AMI will look for these files in your home directory.
You can use these files to define default values for command and subcommand options, as follows:
# This is an example ${user.home}/.ami.properties file.
# For options, the key is the longest option name.
cproject = /my/ami/project/123
# For subcommands, prefix with the subcommand name.
ami.assert.directoryname=/my/ami/project/123/assertable/dir
# For positional parameters, the key is the positional parameter’s param label.
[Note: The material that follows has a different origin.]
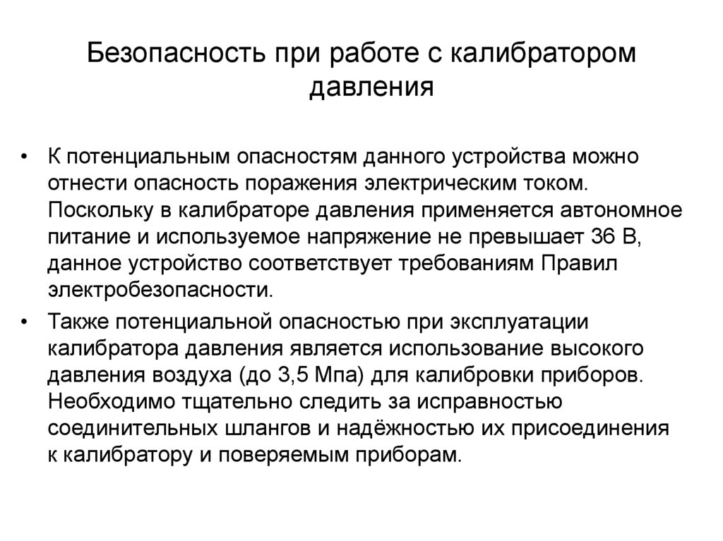 давления воздуха (до 3,5 Мпа) для калибровки приборов.

ami.clean.<files>=/my/files/to/clean/by/default
For a tutorial and a wide range of features see https://github.com/petermr/tigr2ess, which shows AMI being used on crop plants. The documentation that resulted from Peter's Tigr3ess workshop in Delhi may be useful. For example:
- Quick overview
- AMI installation - for Windows, Unix, MacOS. Detailed steps with screenshots.
- AMI getpapers tutorial
- AMI search tutorial
- AMI dictionaries tutorial
- AMI clean to clean an AMI corpus and start again, without deleting the files you downloaded
Also, see the wiki of the ami3 project: https://github.com/petermr/ami3/wiki
Finally, the wiki of the openVirus project is a good source of information: https://github.com/petermr/openvirus/wiki
If you're interested in building the binaries from source please take a look at: BUILDING.md.
If you're interested in contributing please take a look at: CONTRIBUTING.md.
AMI has a 20-year history and has been modular in the past (norma
, cephis
, pdf2svg
...) but is now monolithic for ease of distribution and because the precise modularity is unclear. It might be broken up again into separate tools.